I'm using R package TraMineR to make some academic research on sequence analysis.

I want to find a pattern defined as someone being in the target company, then going out, then coming back to the target company.

(simplified) I've define state A as target company; B as outside industry company and C as inside industry company.

So what I want to do is find sequences with the specific patterns A-B-A or A-C-A.
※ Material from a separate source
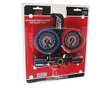 Прибор легко крепится к поверхности на магнитный ремень или металлический крючок. Манометры защищены резиновым чехлом, диаметр 80 мм. Высокое давление: 0-500 psi/ 0-35 кг/см². Низкое давление: 0-350 psi/ 0-24 кг/см². Вакуум: 0~-30 дюйм рт. ст./ 0~-76 см рт. ст.. Длина шлангов 150 см. Гайки на шлангах красного, синего и желтого цвета предусмотрены для исключения ошибки некорректного подключения оператором. Рабочее давление 600 psi, максимальное давление 3000 psi. Перед работой необходимо подержать шланг в вертикальном положении. Применение: хладагенты типа R12, R22, R134A и R1234Y.

After looking at this question (Strange number of subsequences? ) and reading the user guide, specially the following passages:

4.3.3 Subsequences A sequence u is a subsequence of x if all successive elements ui of u appear >in x in the same order, which we simply denote by u x. According to this denition, unshared >states can appear between those common to both sequences u and x. For example, u = S; M is a >subsequence of x = S; U; M; MC.

and

7.3.2 Finding sequences with a given subsequence The seqpm() function counts the number of sequences that contain a given subsequence and collects their row index numbers. The function returns a list with two elements. The rst element, MTab, is just a table with the number of occurrences of the given subsequence in the data. Note that only one occurrence is counted per sequence, even when the sub-sequence appears more than one time in the sequence. The second element of the list, MIndex, gives the row index numbers of the sequences containing the subsequence. These index numbers may be useful for accessing the concerned sequences (example below). Since it is easier to search a pattern in a character string, the function rst translates the sequence data in this format when using the seqconc function with the TRUE option.
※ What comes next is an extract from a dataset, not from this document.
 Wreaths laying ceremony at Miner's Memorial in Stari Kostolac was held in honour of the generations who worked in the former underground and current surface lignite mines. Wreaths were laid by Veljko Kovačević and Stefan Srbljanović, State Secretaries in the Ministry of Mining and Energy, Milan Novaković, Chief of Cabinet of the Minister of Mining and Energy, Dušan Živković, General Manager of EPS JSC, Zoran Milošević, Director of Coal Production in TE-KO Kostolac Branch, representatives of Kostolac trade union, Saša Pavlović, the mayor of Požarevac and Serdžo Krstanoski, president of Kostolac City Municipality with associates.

I concluded that seqpm() was the function I needed to get the job done.

So I have sequences like: A-A-A-A-A-B-B-B-B-B-A-A-A-A-A

And out of the definition of subsequences that i found on the mentiod sources, i figure I could find that kind of sequence by using:

seqpm(sequence,"ABA")

But that does not happen. In order to find that example sequence i need to input

seqpm(sequence,"ABBBBBA")

which is not very useful for what I need.
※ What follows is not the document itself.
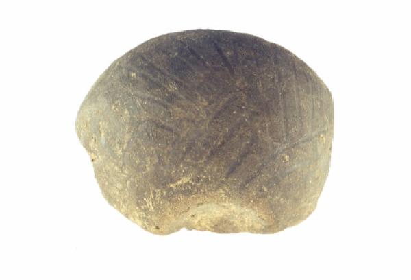 Corpo a profilo curvilineo, leggermente schiacciato in corrispondenza del punto di massima espansione, fondo convesso. Composizione a stralucido, con sovrapposizione di fasci di linee parallele leggermente curvilinee, con diverso orientamento.

  1. So do you guys see where I might've missed something ?
  2. How can I retrieve all the sequences that do go from A to B and Back to A?
  3. Is there a way for me to find go from A to anything else and then back to A ?

Thanks a lot !

Pedro Braz
  • 2,261
  • 3
  • 25
  • 48

1 Answers1

4

The title of the seqpm help page is "Find substring patterns in sequences", and this is what the function actually does. It searches for sequences that contain a given substring (not a subsequence). Seems there is a formulation error in the user's guide.

A solution to find the sequences that contain given subsequences, is to convert the state sequences into event sequences with seqecreate , and then use the seqefsub and seqeapplysub function. I illustrate using the actcal data that ships with TraMineR.

library(TraMineR)
data(actcal)
actcal.seq <- seqdef(actcal[,13:24])

## displaying the first state sequences
head(actcal.seq)

## transforming into event sequences
actcal.seqe <- seqecreate(actcal.seq, tevent = "state", use.labels=FALSE)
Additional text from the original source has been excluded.